The hybridization of central atoms of compounds A, B, C and D are `sp^(3)d, sp^(3), sp^(2) and sp` respectively. If compounds A and D have same shape like `I_(3)^(-)` and compounds B and C have same shape like water structure. Then calculate value of "P+Q+R+S", where P, Q, R, and S are number of lone pairs on central atoms of compounds A, B, C and D respectively.

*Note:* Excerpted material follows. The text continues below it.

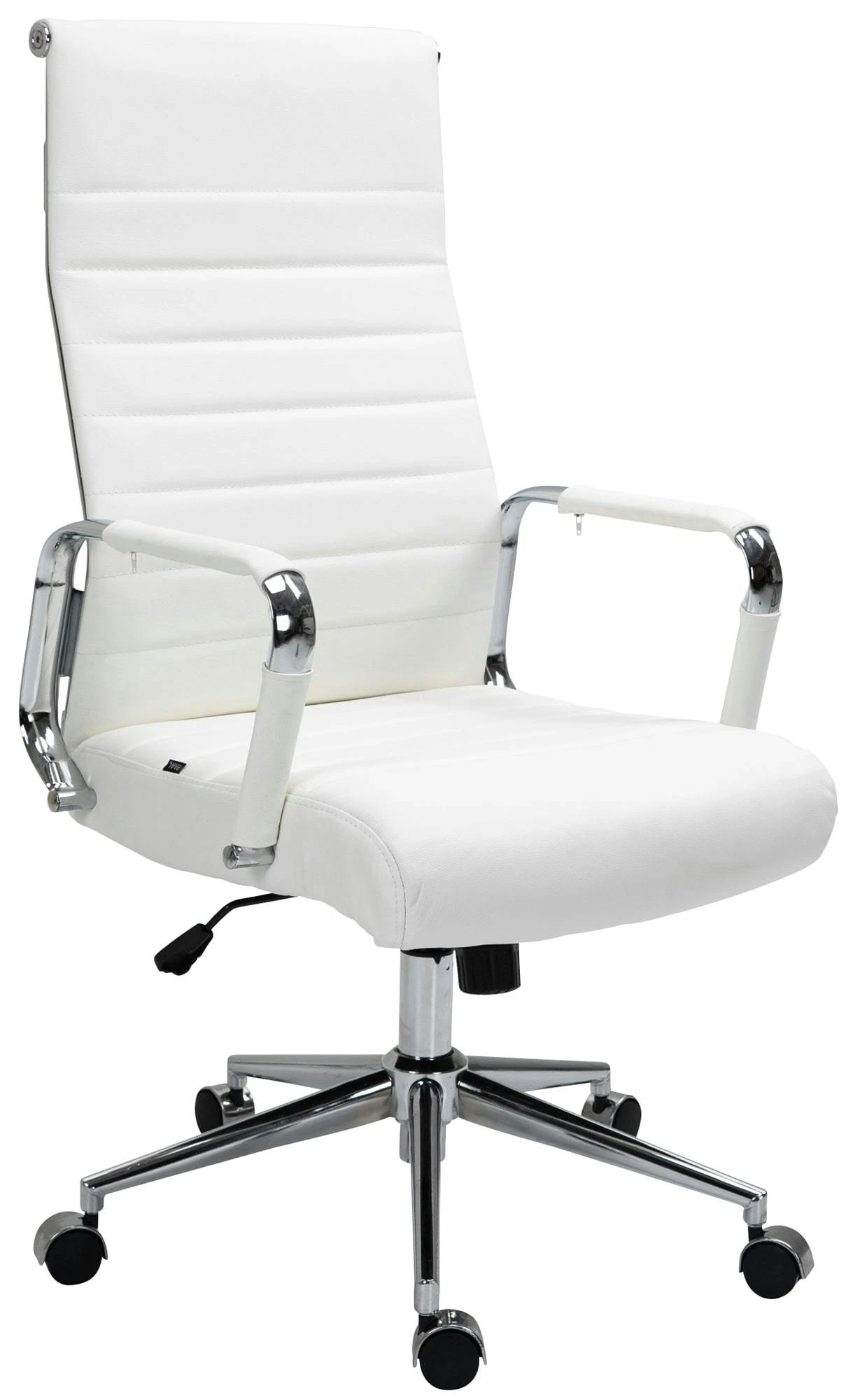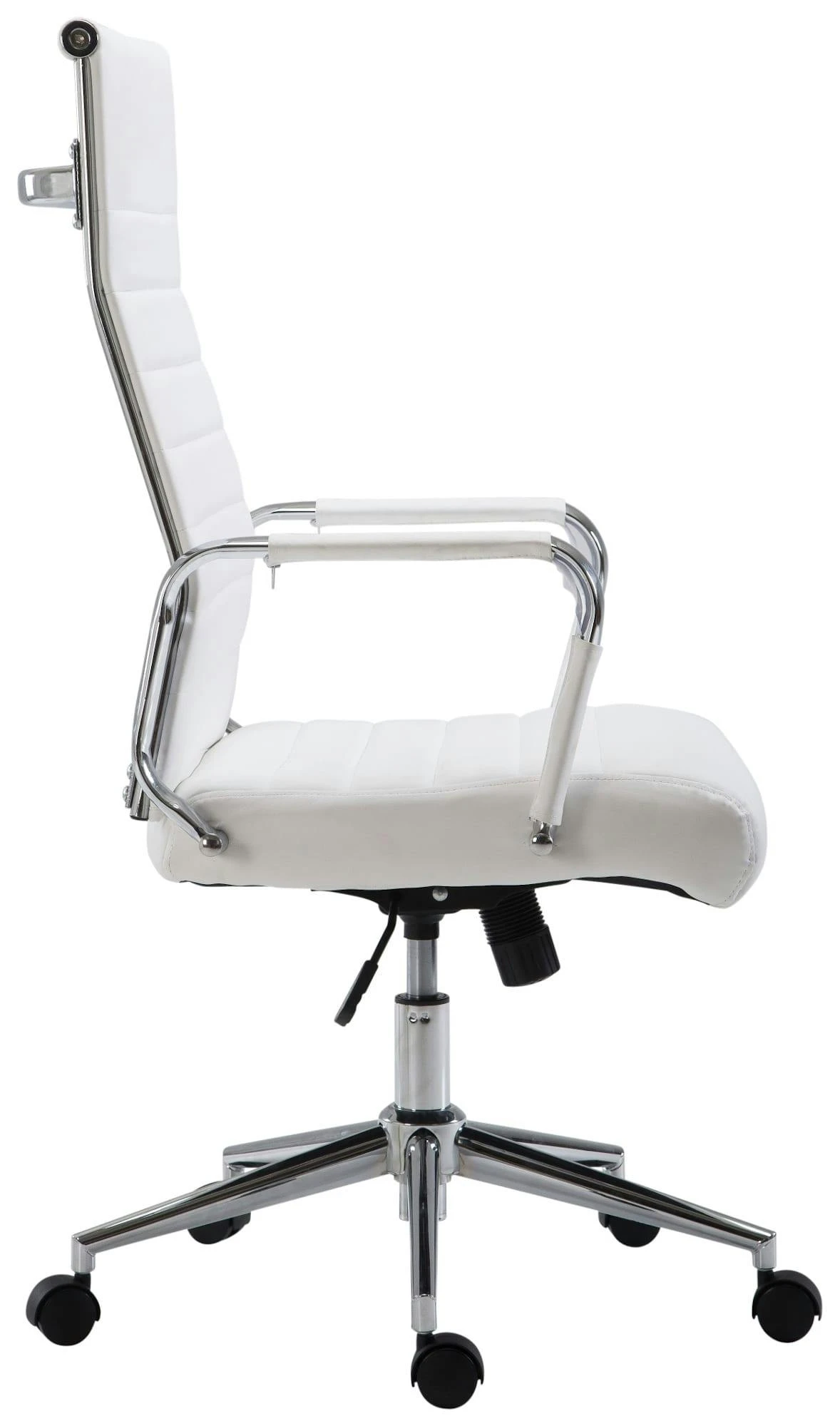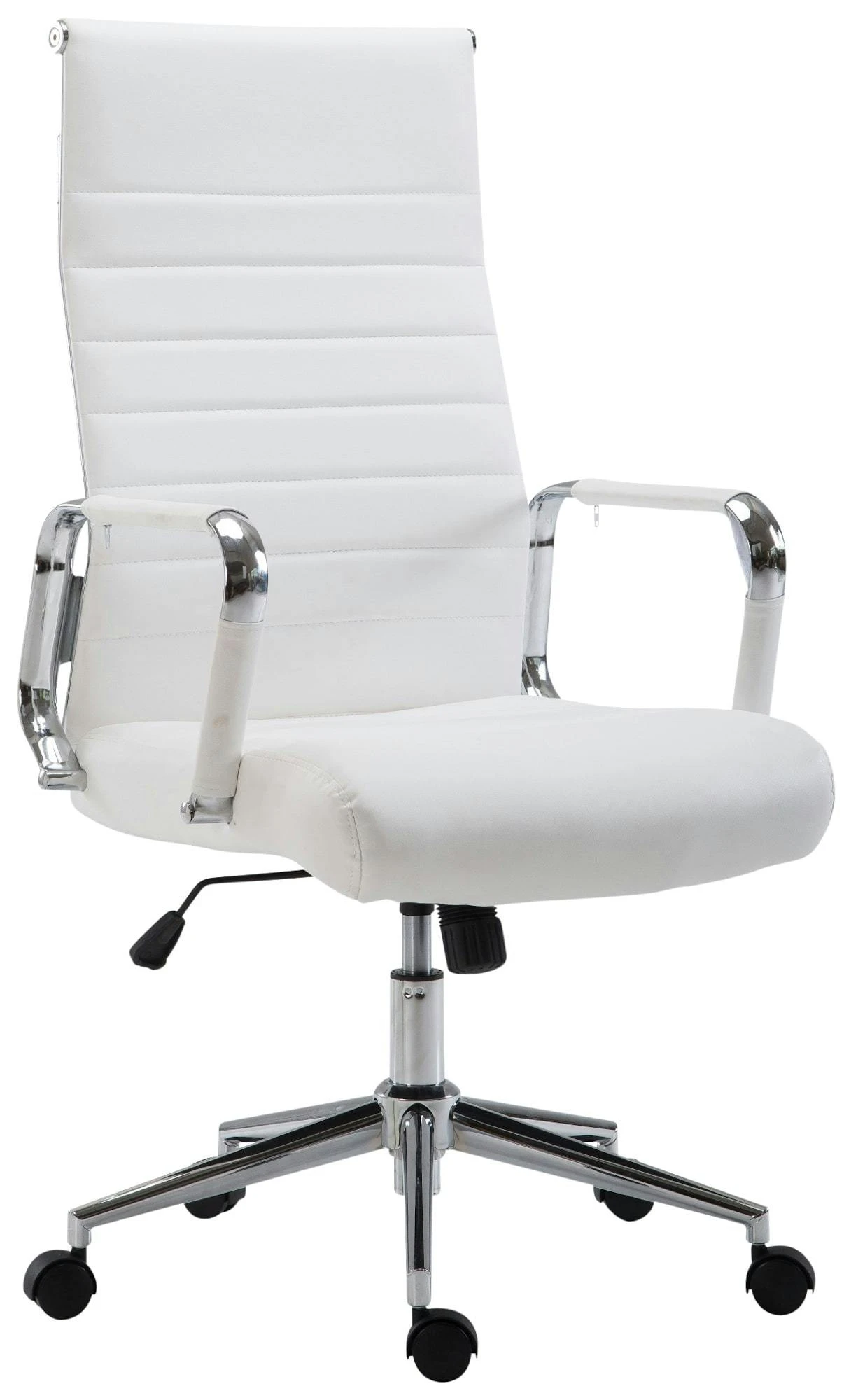 Der exklusive Bürostuhl Kolumbus überzeugt nicht nur mit seinem modernen Look, auch in Sachen Komfort kann ihm keiner etwas vormachen. Seine hochwertige Polsterung und der pflegeleichte Kunstlederbezug sorgen für ein angenehmes Sitzgefühl auch über mehrere Stunden. Zudem ist die Sitzhöhe stufenlos verstellbar und garantiert ein ergonomisches Sitzen. Des Weiteren ist der Schreibtischstuhl mit einem Wippmechanismus versehen, der für mehr Bewegungsfreiheit sorgt. Das elegante Metallgestell in Chrom-Optik und die stabil geschwungenen Armlehnen mit Kunstlederbezug geben dem Ganzen noch das gewisse Extra. Die Stabilität wird durch das Chromoptik Metallgestell gewährleistet, das mit dem schwarzen Bezug auch in Schwarz erhältlich ist. Durch die fünf Leichtlaufrollen kann man leicht und locker über den Boden rollen – egal ob auf Hart- oder Teppichböden.

To solve the problem, we need to determine the number of lone pairs on the central atoms of compounds A, B, C, and D based on their hybridization and the shapes provided. ### Step-by-Step Solution: 1. **Identify the Hybridization and Shapes:** - Compound A: Hybridization = sp³d (Shape: I₃⁻) - Compound B: Hybridization = sp³ (Shape: Water) - Compound C: Hybridization = sp² (Shape: Water) - Compound D: Hybridization = sp (Shape: I₃⁻) 2. **Determine the Lone Pairs for Compound A (sp³d):** - The I₃⁻ ion has a linear shape with three lone pairs on the central atom (Iodine). - Therefore, for compound A, P (the number of lone pairs) = 3. 3. **Determine the Lone Pairs for Compound B (sp³):** - Water (H₂O) has a bent shape with two lone pairs on the central atom (Oxygen). - Therefore, for compound B, Q (the number of lone pairs) = 2. 4. **Determine the Lone Pairs for Compound C (sp²):** - The sp² hybridized atom in a water-like structure has one lone pair (for example, in a molecule like SO₂). - Therefore, for compound C, R (the number of lone pairs) = 1. 5. **Determine the Lone Pairs for Compound D (sp):** - The sp hybridized atom in a linear structure (like in I₃⁻) has no lone pairs. - Therefore, for compound D, S (the number of lone pairs) = 0. 6. **Calculate the Total:** - Now we add the values of P, Q, R, and S: \[ P + Q + R + S = 3 + 2 + 1 + 0 = 6 \] ### Final Answer: The value of \( P + Q + R + S \) is **6**.